To enable two way integration, follow these steps:

  1. Go to Settings > Integrations, and then click Configure.

    configure-two-way

  2. Click on the integration name.

    integration-name

  3. Scroll down to the Two way integration section and copy the Webhook URL.

    webhook-url

  4. Go to the REST Message in ServiceNow and click New to create a new REST Message record.

  5. Add all details like Name, Description, paste the Webhook URL in the Endpoint field and then click Submit.

    paste-webhook-url

  6. Click on the REST Message record that you recently created, go to the HTTP Methods section and click the Default GET link.

    default-get

  7. Update the Name, and go to the HTTP Headers section. Add the header names and their values.

    header-names

    Go to the HTTP Query Parameters, Content section, define the query parameters and click Update.

    You can add the following content:

    {“event”:”update”,”incident_number”:”$(incident_number)”,”incident_state”:”$(incident_state)”}

  8. Check the Authentication type is set to Inherit from parent and the HTTP method is set to POST.

    inherit-from-parent

  9. Go to the Business Rule page and add the Name, select Incident in the Table drop-down.

    Check the Advanced checkbox and then go to the When to run tab.

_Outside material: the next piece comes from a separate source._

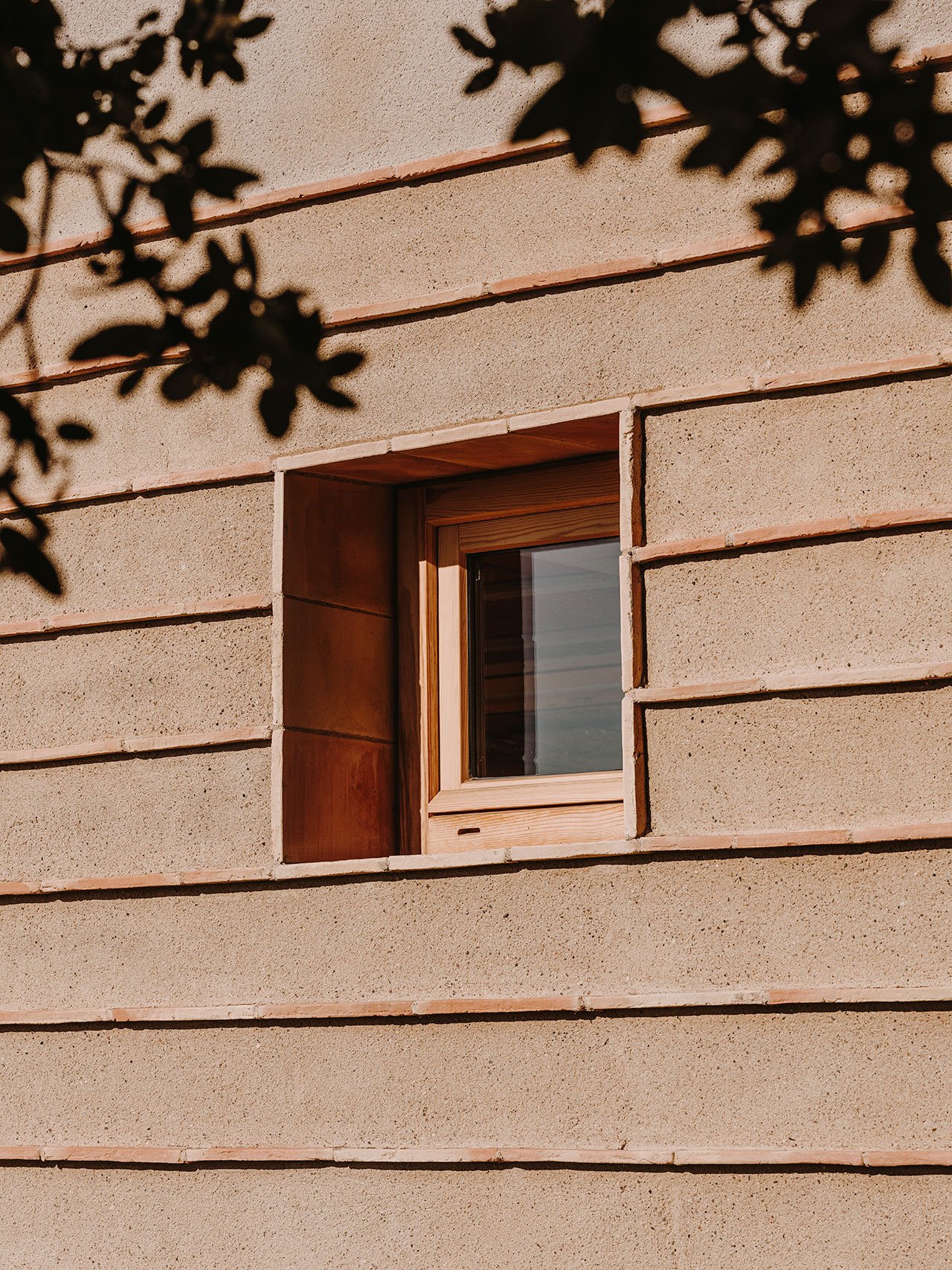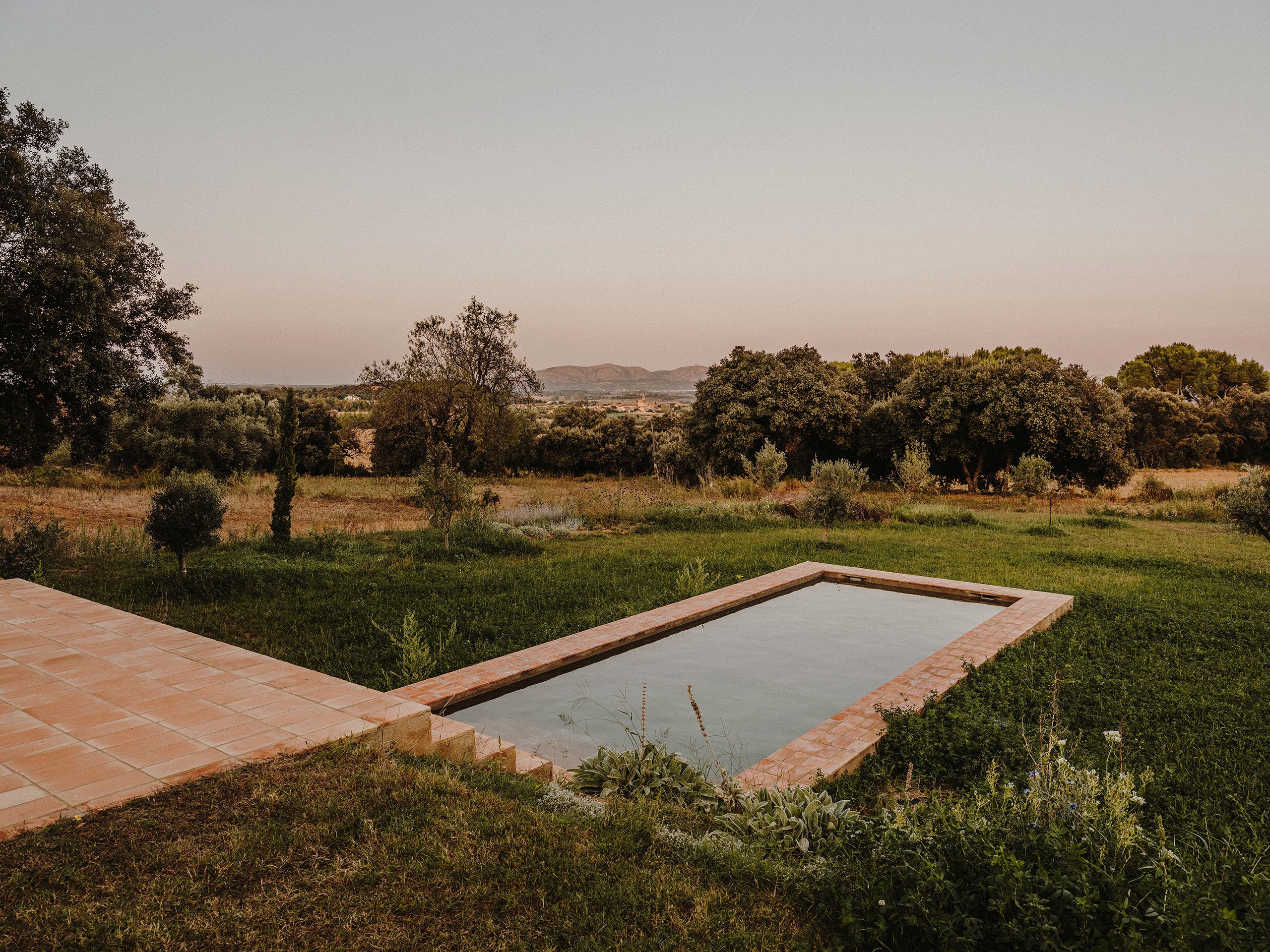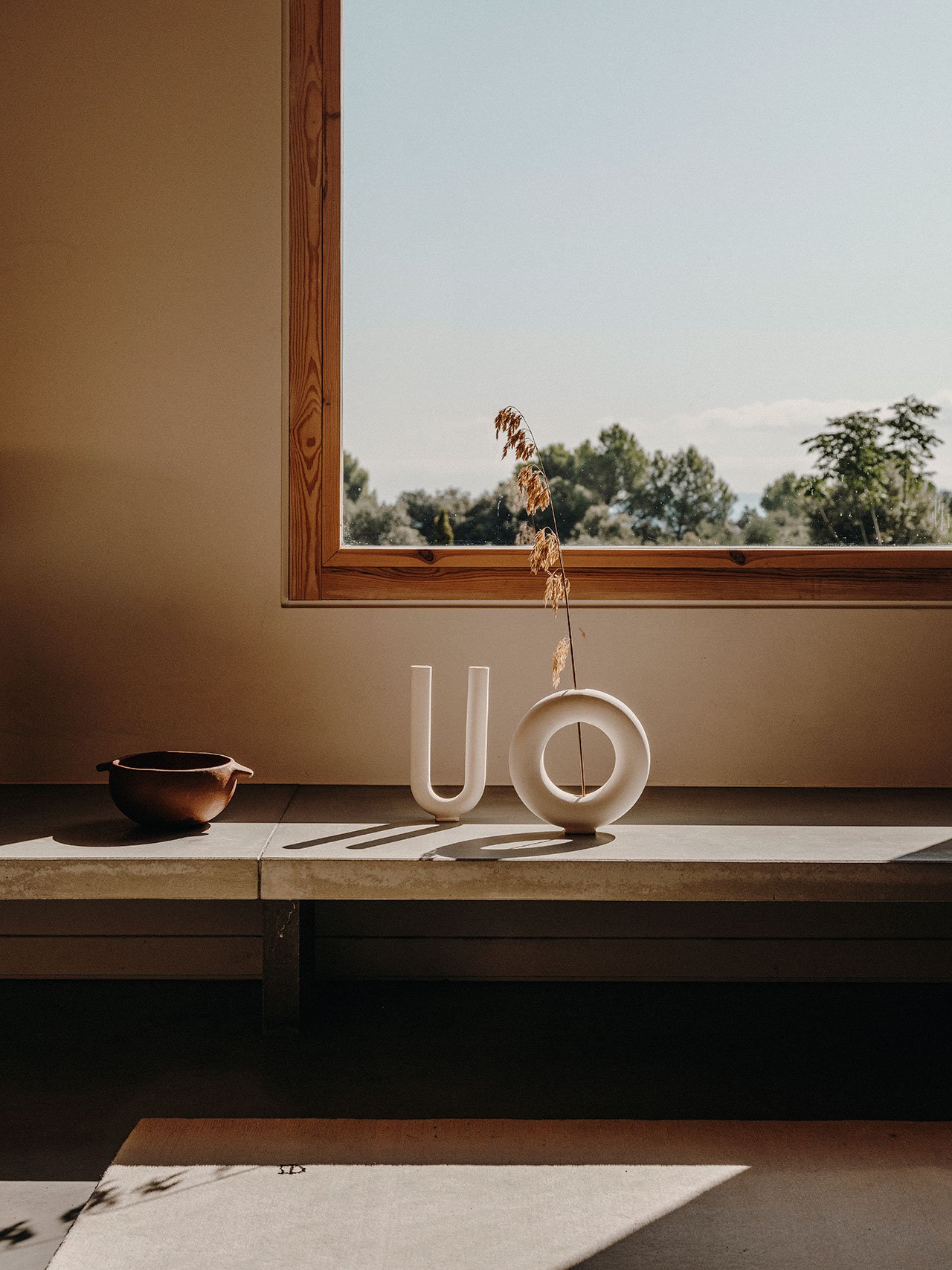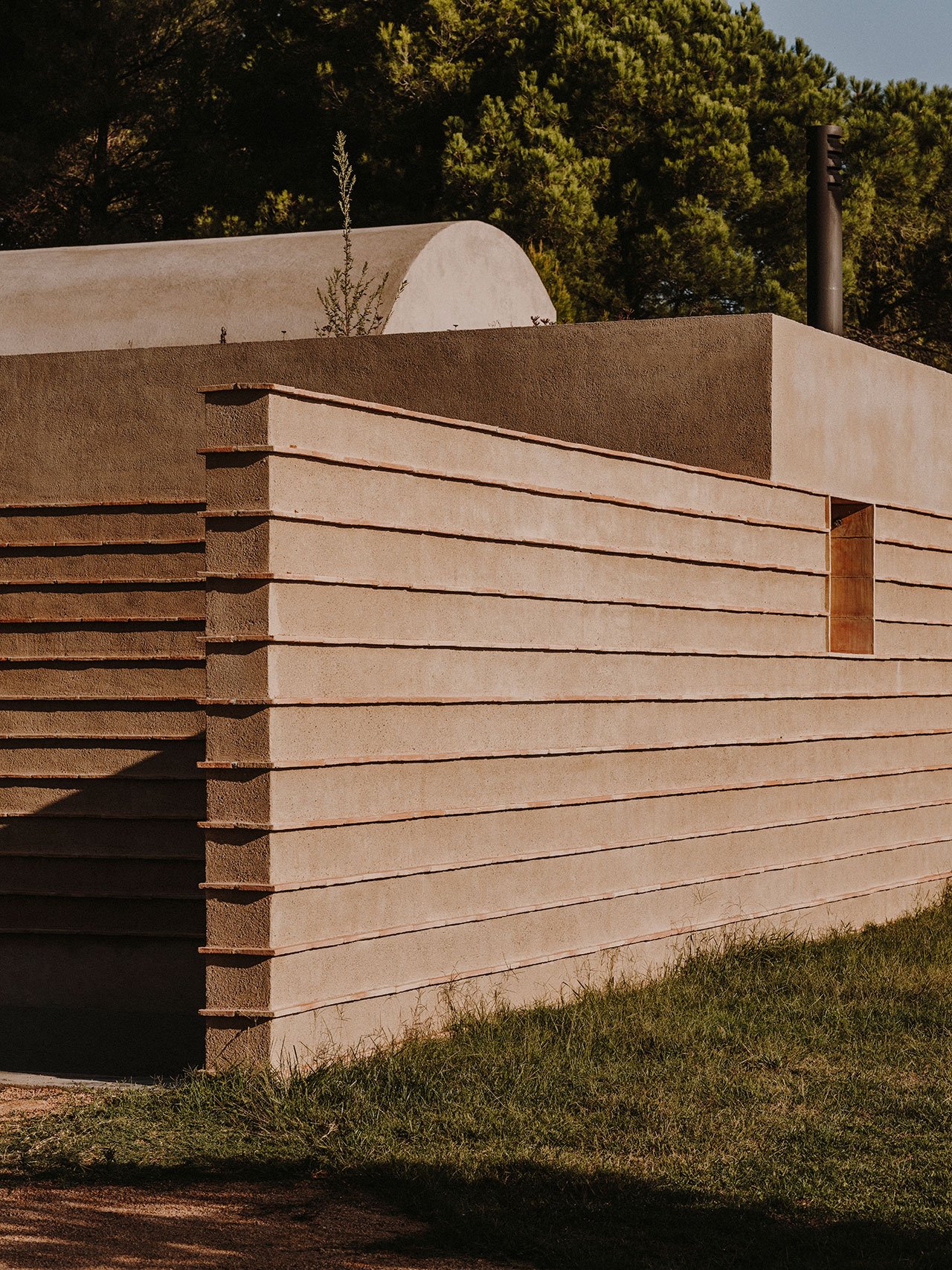 Aiming for a light footprint, the house is comprised of two low-slung rectangular volumes in an L-shaped configuration, one of which is topped by a Catalonian-style barrel vault. Constructed out of sandy-coloured concrete with ceramic insets forming horizontal streaks, the volume’s earthy tones and natural textures echo the surrounding landscape, harmoniously anchoring the house in its natural setting and imbuing the building with a sculptural sense of craftsmanship. Sourced from La Bisbal, one of the leading pottery centres in Catalonia, ceramic tiles have also been used to line the pool terrace which extends out to the fields, as well as the vaulted ceilings that dominate the interiors.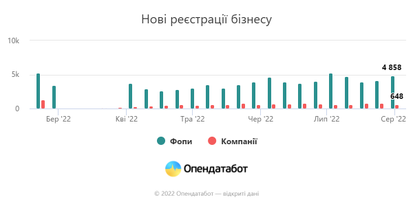 На початку липня зафіксовано новий рекорд з кількості реєстрації нових ФОПів — 5223 бізнеси. Це практично стільки ж, як було в останній тиждень перед вторгненням РФ.

    In the When drop-down select async and check the Update checkbox.

    async

    Go to the Advanced tab and define the business rule condition, script, and then click Submit.

    business-rule

    For the following condition, you can use the mentioned business rule script:

    current.incident_state == IncidentState.RESOLVED || current.incident_state == IncidentState.CLOSED

     (function executeRule(current, previous /*null when async*/) {
         try {
             var r = new sn_ws.RESTMessageV2('bugcrowd', 'bugcrowd');
             r.setStringParameterNoEscape('incident_number', current.number);
             r.setStringParameterNoEscape('incident_state', 'resolved');
             r.setStringParameterNoEscape('event', 'resolved');
             var response = r.execute();
         } catch (ex) {
             var message = ex.message;
         }
     })(current, previous);
    

Unlinking a ServiceNow Issue

You can unlink a saved ServiceNow issue from the Submissions page.

To unlink a ServiceNow issue, follow these steps:

  1. Click on the red bin icon adjacent to Update incident Id in the Integrations section.

    unlinking-servicenow-issue

    The unlink confirmation prompt is displayed.

  2. Click Unlink to confirm unlinking of the ServiceNow issue.

    confirm-unlink-servicenow

    A successful unlinking message is displayed.